◆ Prompt
Only an exact copy is wanted: the lines from the one holding "Women's Japanese Floral" through the last line below, minus the pictures.
--- Records for this exercise Enclosed Below ---
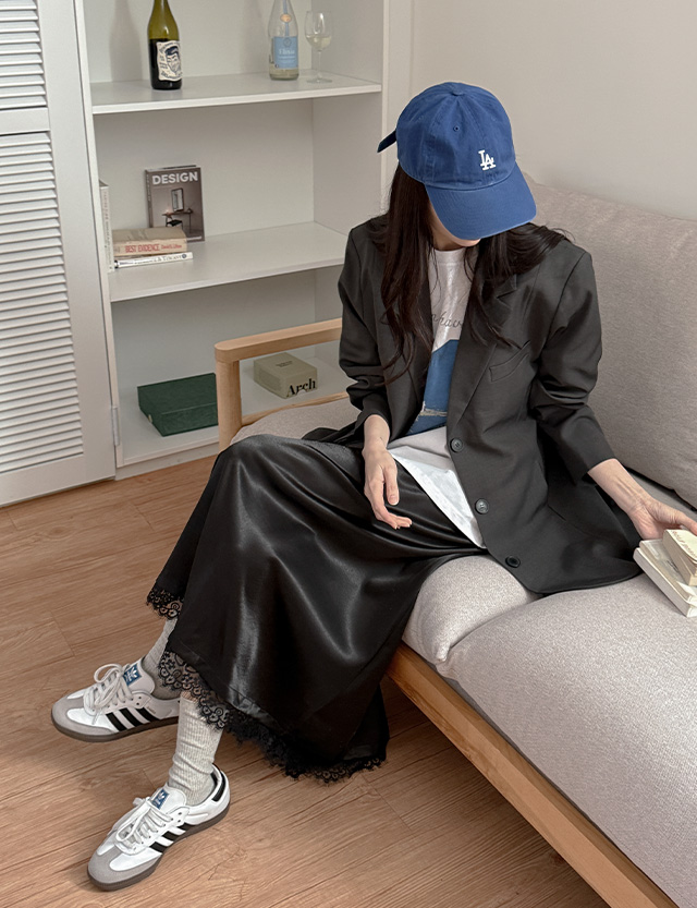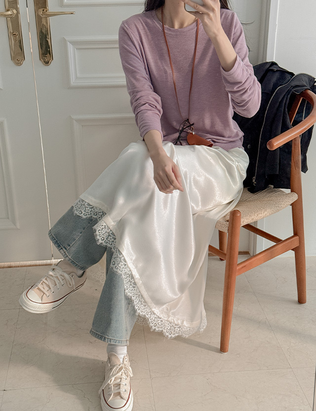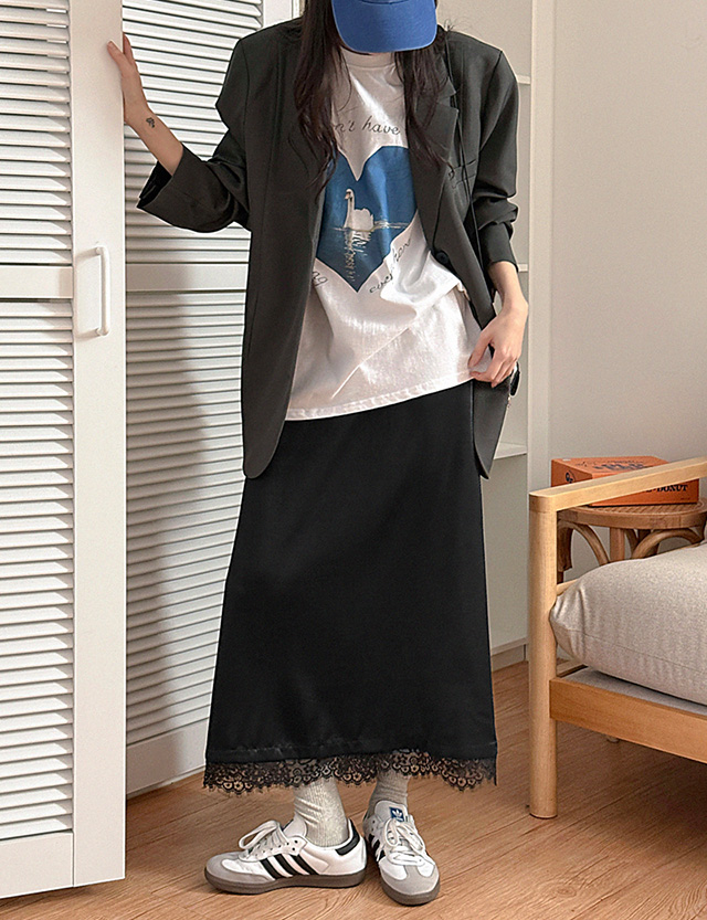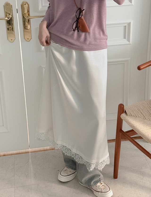 [09초이스][하체커버] 촉감굿 여신핏 샤틴 Race Long Banding Skirt 86327
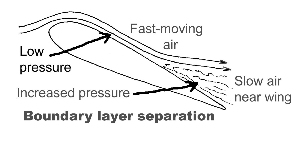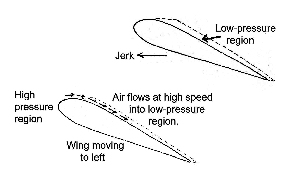 (By the way. Air is a lot heavier than most people think. A big, empty refrigerator holds almost 2 pounds of air, and you will need to be a pretty strong person to lift the air in a room ... assuming you can get a handle on it.) If the wing is initially stationary before we jerk it, and then after being jerked to the left, it just sits there and waits for the air to refill the empty space, the air will tend to flow straight in toward the top surface of the wing, more or less at right angles to the wing. And that will be about all there is to it. It may bounce around a little as it settles down, but no significant movement down the wing toward the trailing edge will occur. Moving wing But if the wing is moving through the air with considerable speed to the left, the situation is somewhat different. We can imagine the movement of the wing to consist of a very large number of small jerks, but in this case, a pronounced high pressure region will develop up near the leading edge. So what will we have? An empty space (low pressure) distributed along the top of the wing, air trying to refill it (nature abhors a vacuum), and a high-pressure region up to the left, near the leading edge. So what will happen? The Punch Line: The high pressure near the leading edge will force the air in that region to flow toward the empty space at the top of the wing. The motion of the air will be very nearly parallel to the surface of the wing. And because the air is being forced to flow by the high pressure, it will pick up speed. The result is that the air flowing over the top of the wing will travel much faster than the air flowing under the wing. Question: Why doesn't the high pressure in front of the wing cause the air flowing under the bottom to speed up as well? There is no empty space or low pressure area created under the bottom of the wing (at least to the extent that it is created on the top). Question: Why doesn't the air just take the shortest route and flow into the empty space by traveling at right angles to the wing? Well, to an extent, it does. But remember, the high pressure region in front of the leading edge will have a pressure just a bit higher than the pressure above the wing back toward the trailing edge. The actual path taken by the air will consist of the parallel and perpendicular components added together. The component parallel to the wing will predominate, but its effect becomes less as we proceed toward the trailing edge. In fact, the pressure is somewhat higher back near the trailing edge in part because of the diminished effect of the high pressure at the front, together with the inflow of air at greater angles to the wings surface. Question: In Denker's diagrams, there's no big puddle of high-pressure air up above the leading edge. Why not? As the angle of attack increases, the stagnation point at the leading edge moves downward toward the bottom of the wing, even to a point that is aft of the very front of the leading edge. Nevertheless, the effect of the high pressure is the same. In fact, from the stagnation point, air will flow forward a short distance as it rounds the end of the wing cord and finally starts its journey to the rear. High angle of attack As the angle of attack becomes greater, it becomes more difficult for the air to "turn the corner" on top of the wing up near the leading edge. This diminishes the flow of air parallel to the wing, and in fact, the stream of air having the highest speed may become separated a considerable distance from the wing.
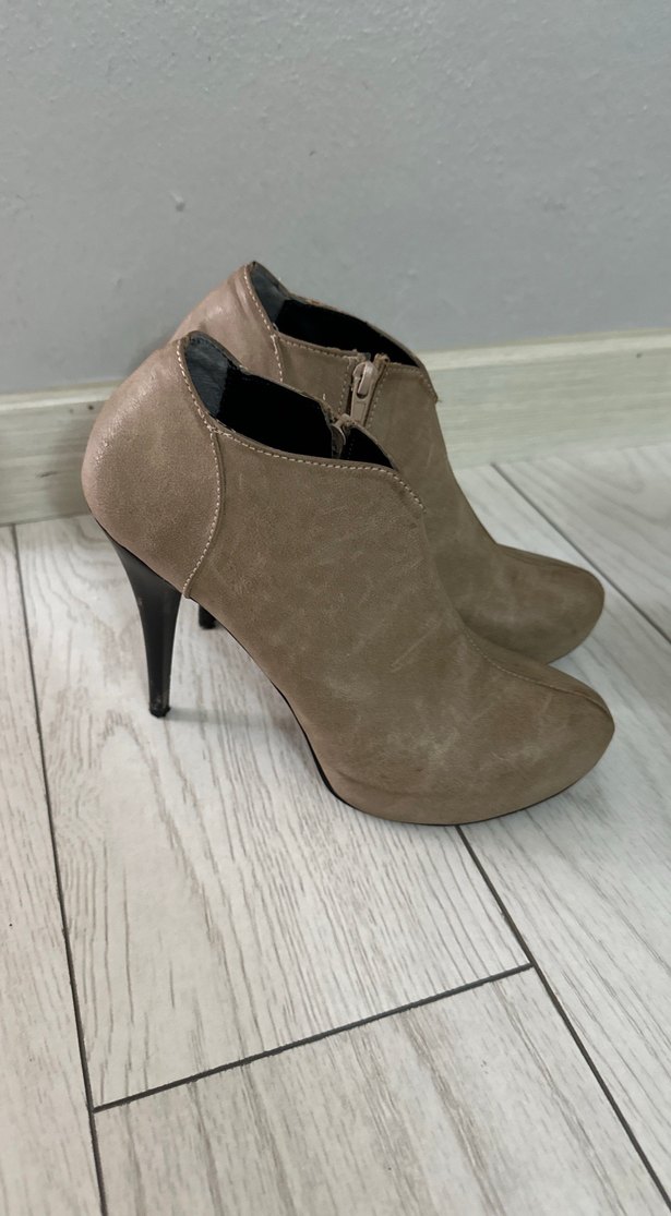Bej süet malzemeden yapılmış, stiletto topuklu ve yan fermuarlı kadın botu, çağdaş Paris tarzında günlük kullanım için uygundur.
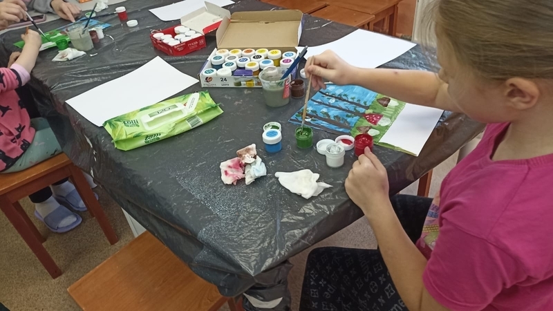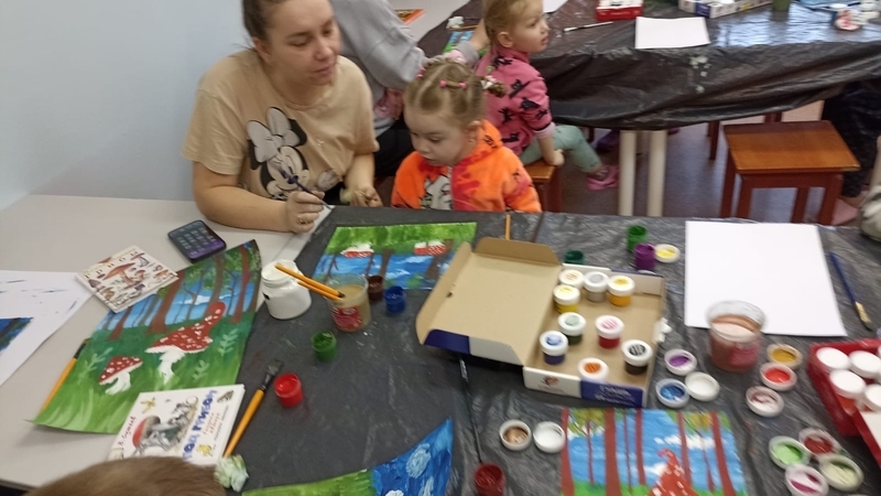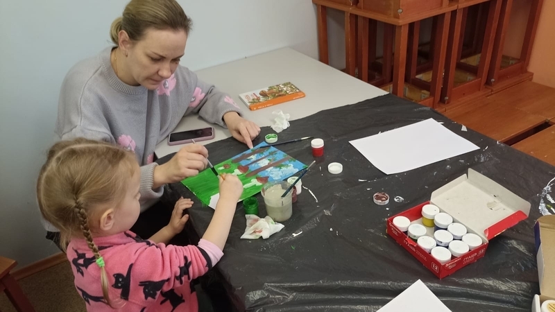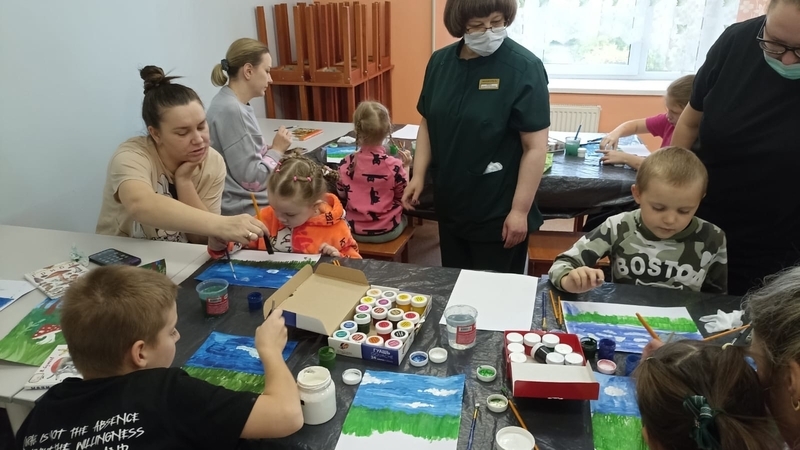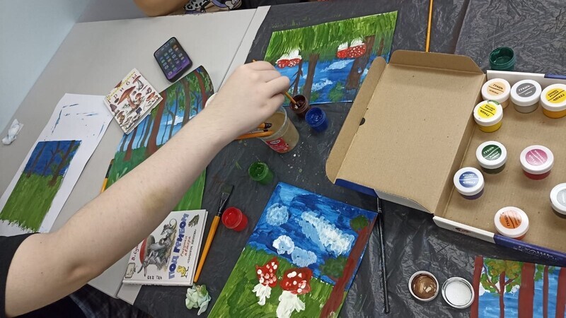 В начале участники встречи познакомились с замечательными книгами об осени из фонда детско-юношеской библиотеки. Затем юные пациенты больницы учились создавать яркие осенние картины. С помощью гуаши и акварельных красок ребята нарисовали лес в осеннем убранстве. Под руководством сотрудника библиотеки дети старательно вырисовывали деревья с осенней листвой и грибы в зарослях травы. В увлекательный процесс с огромным удовольствием включились и родители маленьких пациентов.
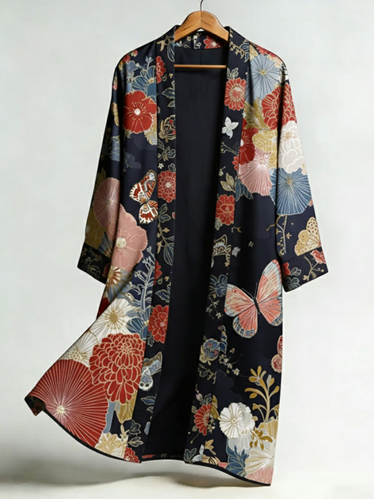 Women's Japanese Floral And Butterfly Print Long Kimono
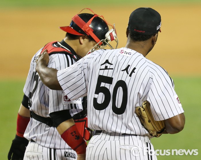 (서울=포커스뉴스) 19일 서울 잠실구장에서 열린 2016 프로야구 NC-LG 경기 4회초 1사 1,2루에서 LG 포수 정상호가볼을 빠트려 주자를 1베이스씩 진루시키자 소사가 정상호와 대화하고 있다.
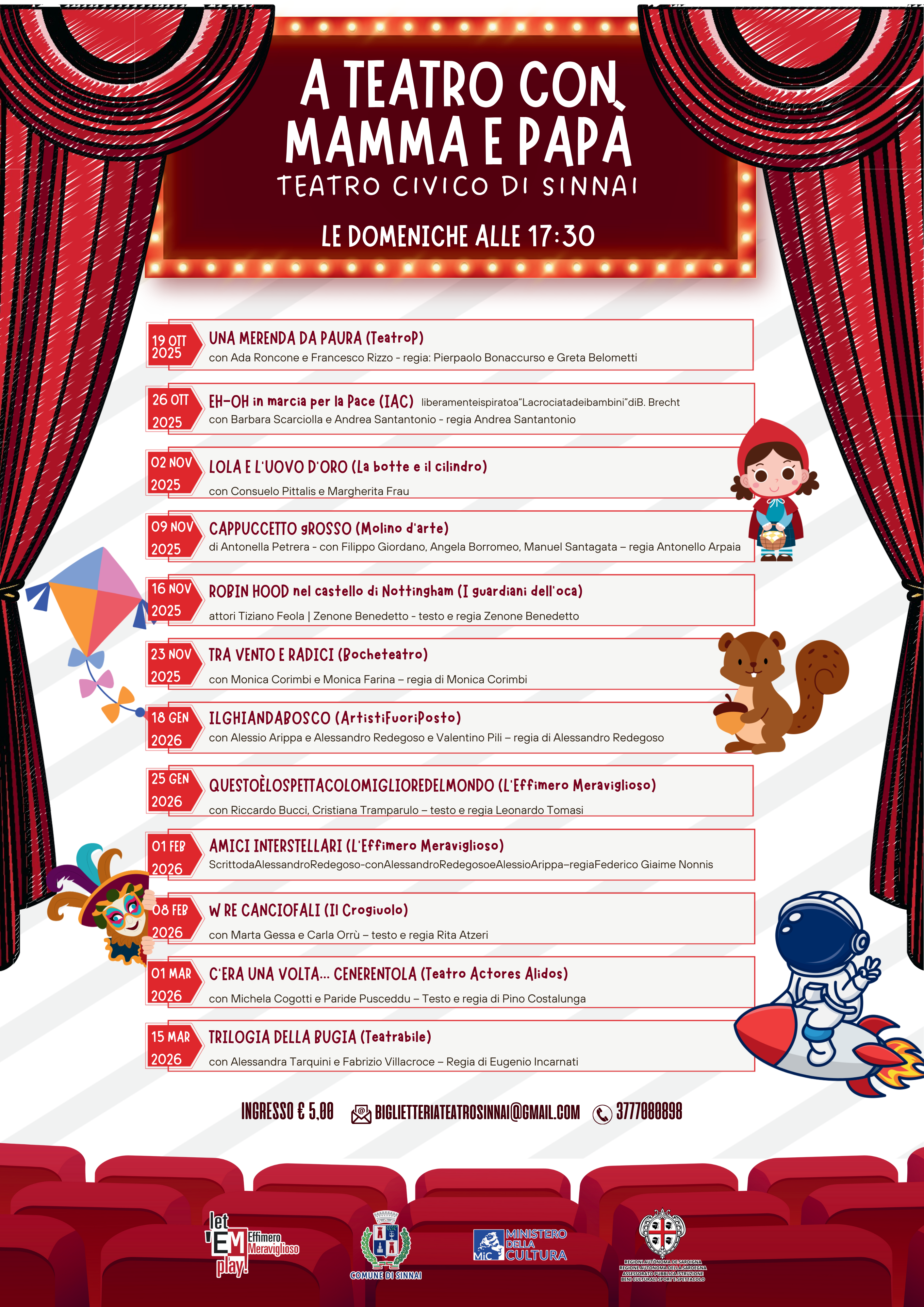 Da domenica 19 ottobre fino al 15 marzo, tutte le domeniche alle ore 17:30 al Teatro Civico di Sinnai
--- End of Enclosed Records for this exercise ---
◆ Response
 Women's Japanese Floral And Butterfly Print Long Kimono
 (서울=포커스뉴스) 19일 서울 잠실구장에서 열린 2016 프로야구 NC-LG 경기 4회초 1사 1,2루에서 LG 포수 정상호가볼을 빠트려 주자를 1베이스씩 진루시키자 소사가 정상호와 대화하고 있다.
 Da domenica 19 ottobre fino al 15 marzo, tutte le domeniche alle ore 17:30 al Teatro Civico di Sinnai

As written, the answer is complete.